Graphene Enabled Low-Control Quantum Gates between Static and Mobile Spins

TL;DR

This paper proposes a novel quantum gate mechanism in graphene leveraging Klein tunneling, enabling deterministic interactions between static and mobile spins regardless of electron momentum or wave shape.

Contribution

It introduces a low control quantum gate design using graphene's Klein tunneling, facilitating interactions between static and mobile qubits with minimal back-scattering.

Findings

Klein tunneling enables quasi-deterministic quantum gates.

The model allows entanglement generation between static qubits.

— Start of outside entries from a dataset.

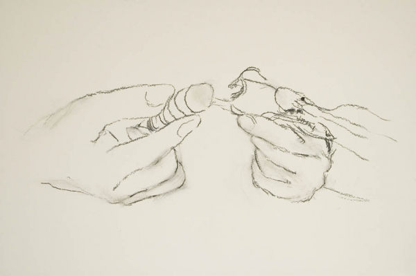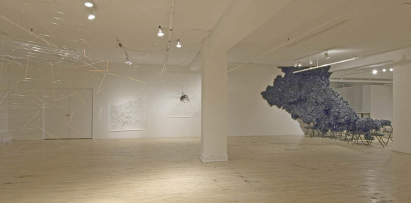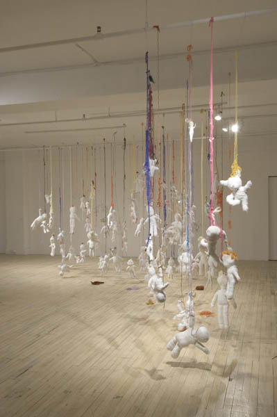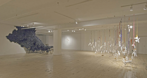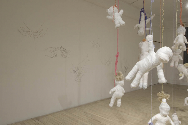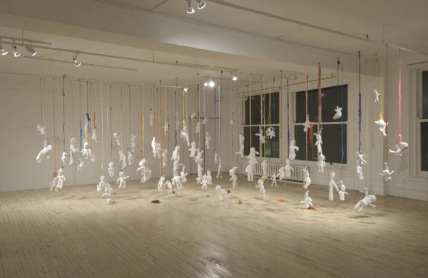 Pour l’occasion, Catherine Bolduc, Josée Dubeau, Marie-Josée Laframboise, Manuela Lalic et Janet Logan font, ensemble, du surplace. Besogneuses araignées, elles accumulent et entrelacent objets et sens, en investissant d’une manière dynamique l’espace de la galerie Circa. Faire du surplace offre une perspective du travail in situ où le Faire prend le dessus sur le théorique et le Surplace rappelle à la réalité des limites concrètes du temps et de l’espace. Chacune penchée sur son ouvrage, elles font ensemble du surplace, juxtaposant et confrontant leurs travaux distincts d’assemblage, en transformant peu à peu la réalité des objets manipulés et laissant émerger le sens à travers le faire, ici et maintenant.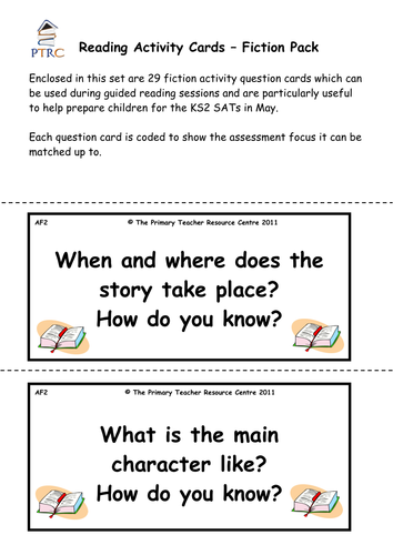 Reading Activity Cards Fiction Pack By Resourcecentre Teaching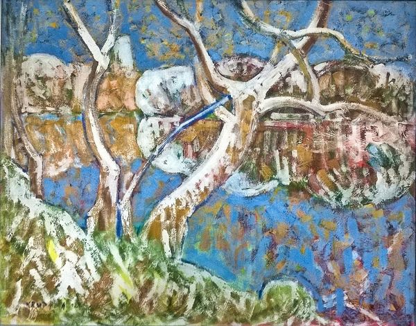 Curator: Here we have "Molecules," a mixed-media artwork by Alfred Freddy Krupa, created in 2016. What are your initial impressions? Editor: It feels chaotic, almost violently cheerful! The colours are playful, but the composition is... restless. It's like looking at an exploded diagram of some kind of oddball machine. Curator: Krupa’s work often grapples with the legacies of expressionism and geometric abstraction. The vigorous application of acrylic paint and what looks like matter-painting certainly nods to those movements. Editor: Matter-painting! Yes, I see that. The texture gives it such an unruly energy. And 'Molecules' as a title... does that tame it at all? Or is it just adding another layer of bewilderment? Curator: Perhaps both. The title alludes to scientific structures while the abstract style rejects literal representation. It’s this tension that’s key. Abstraction became prominent after WWII, in part as a rejection of overtly propagandistic art. How can art address the most complex scientific ideas of our time and not be reduced to propaganda? Editor: Right. And with this particular artwork it becomes like peering into a petri dish gone wild. The juxtaposition of rough textures with those hard geometric elements reminds me that everything, even science, is rooted in something human and messy. Curator: That interplay of control and chaos, perhaps reflective of societal attitudes towards science and technology during the 21st century, and especially the possibilities for good, but the potential for great harm. Editor: Absolutely. Seeing those playful colours smeared onto a rough surface kind of shakes loose any illusions about scientific objectivity. You know? Makes me question all our neatly drawn diagrams and equations. It is almost like the feeling after someone has said too much and left too quickly. Curator: The expressionistic gestures give that away. This has been a rather atomic journey! Any final reflections? Editor: I walked in and the first thing I saw was this unholy mess, and I can appreciate its reflection in how we cope, not necessarily come together. Curator: The piece indeed holds multitudes and offers a reflection of human nature under a magnifying glass.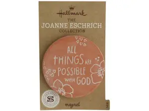 Add a touch of inspiration to your home or office with this charming terracotta magnet. Engraved with the uplifting message, 'All Things Are Possible with God', this round magnet also features delightful flower and heart decorations.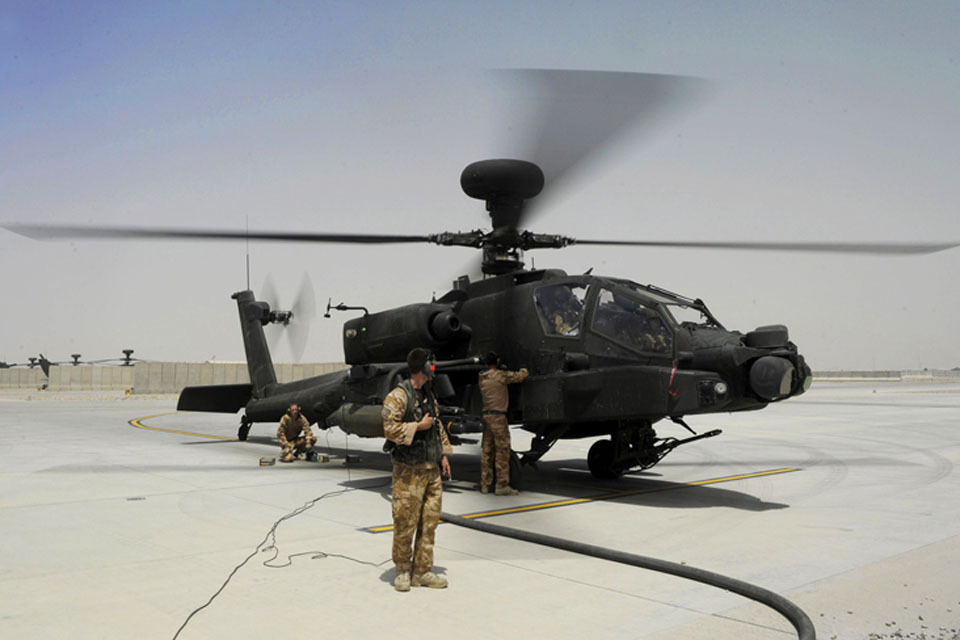 Ground crew check over a British Army Apache attack helicopter prior to take-off at Camp Bastion in Helmand province [Picture: Sergeant Alison Baskerville, Crown Copyright/MOD 2011]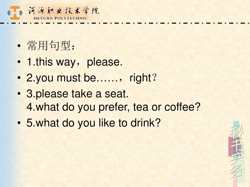 常用句型: • 1.this way,please. • 2.you must be……,right? • 3.please take a seat.4.what do you prefer, tea or coffee? • 5.what do you like to drink?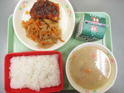 今日の給食の献立は ごはん 揚げ鶏のねぎソースかけ れんこんのきんぴら ごま味噌汁 です。 カロリーは,883㎉です。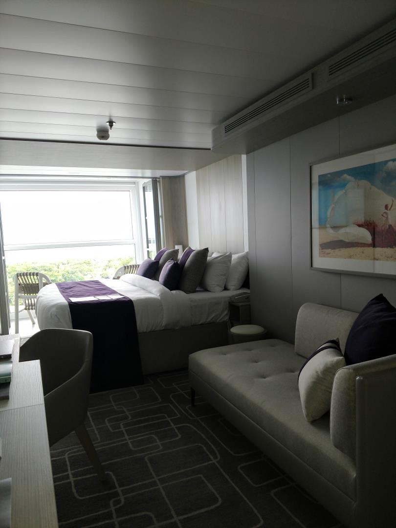The new innovation on this ship is the Infinite Verandah! I was assigned one of these cabins and I loved it! You have the ability to open up bi-fold doors so that the verandah becomes part of your cabin. There is also a window that you can move half way up or down to have fresh air & essentially an open balcony. It will only go down half way so that it is then like your traditional balcony. In this picture, we have the bbi-fold doors open so that we can use the balcony as part of the cabin space. Where you see that line midway in the window, when the window is down, that is your rail. It's really a cool concept. We had very calm waters on our cruise, so we slept most nights with the window down a little bit so that we could hear the ocean.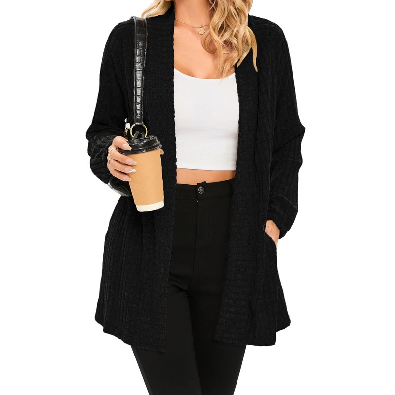 iChunhua Lightweight Soft Long Length Open Front Black Cardigans for Ladies UK with Pockets (Black, Medium)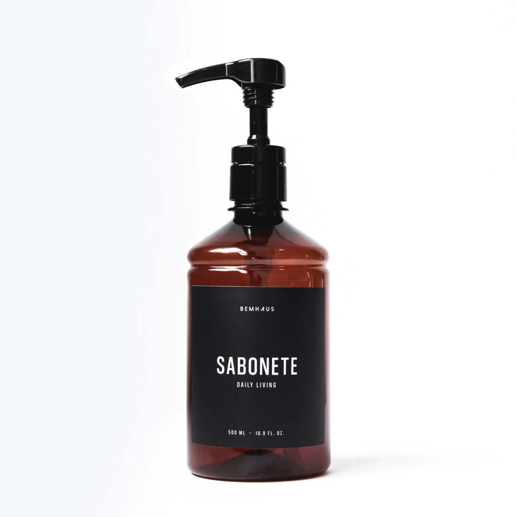 Rótulo "Sabonete" com acabamento fosco que suporta contato com a água.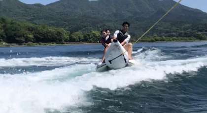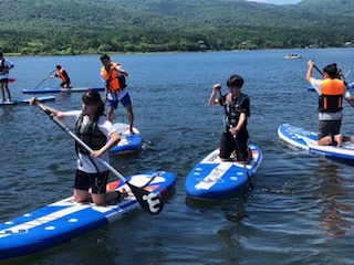 体験の様子です。湖岸からは見えない所まで行って大自然を楽しんでいます。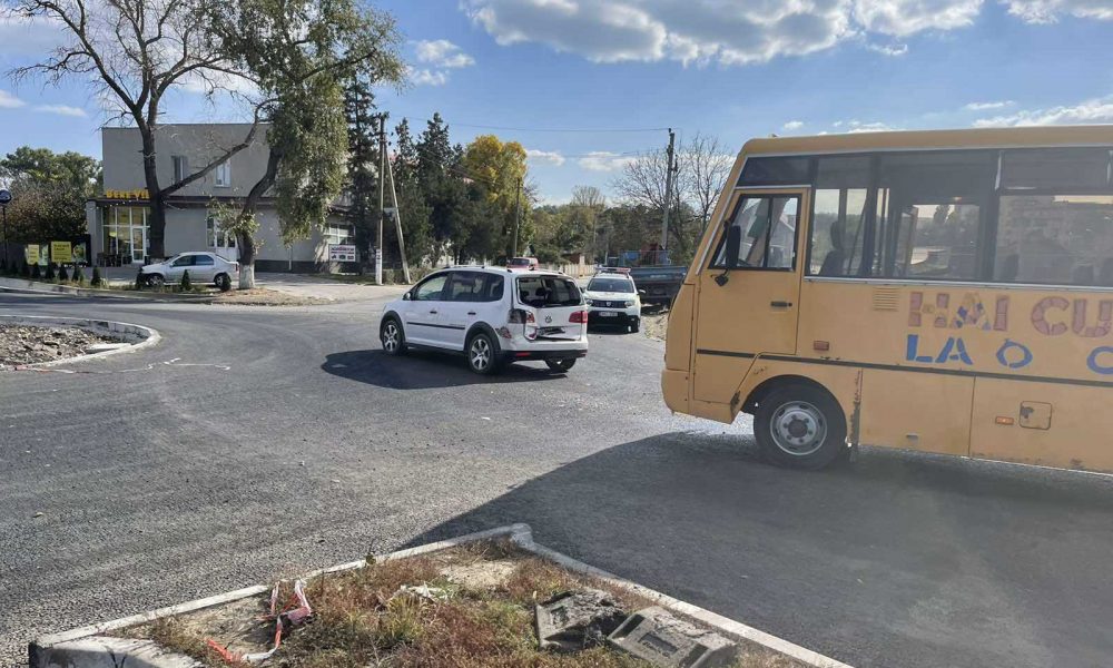 Autobuz școlar, implicat într-un accident rutier, pe o stradă din orașul Strășeni.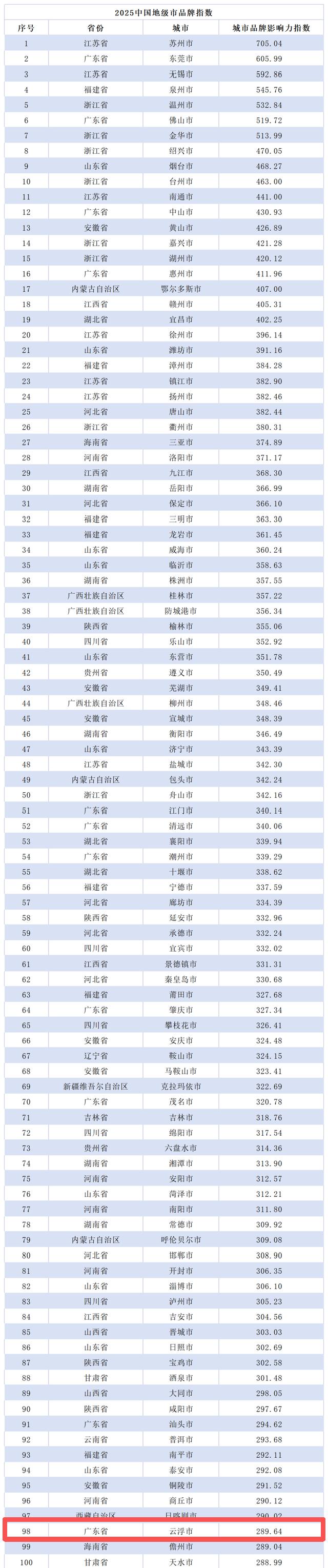 近日发布的全国地级市城市品牌指数榜单显示,广东云浮市首次进入前100名城市名单榜单,在全国293个地级市中,位列第98位!成为今年广东11个上榜地级市之一。

Graphene's properties are exploited for robust quantum gate implementation.

Abstract

We show that the feature of Klein tunneling makes graphene a unique interface for implementing low control quantum gates between static and mobile qubits. A ballistic electron spin is considered as the mobile qubit, while the static qubit is the electronic spin of a quantum dot fixed in a graphene nanoribbon. Scattering is the low control mechanism of the gate, which, in other systems, is really difficult to exploit because of both back-scattering and the momentum dependence of scattering. We find that Klein tunneling enables the implementation of quasi-deterministic quantum gates regardless of the momenta or the shape of the wave function of the incident electron. The Dirac equation is used to describe the system in the one particle approximation with the interaction between the static and the mobile spins modelled by a Heisenberg Hamiltonian. Furthermore, we discuss an application of this model to generate entanglement between two well separated static qubits.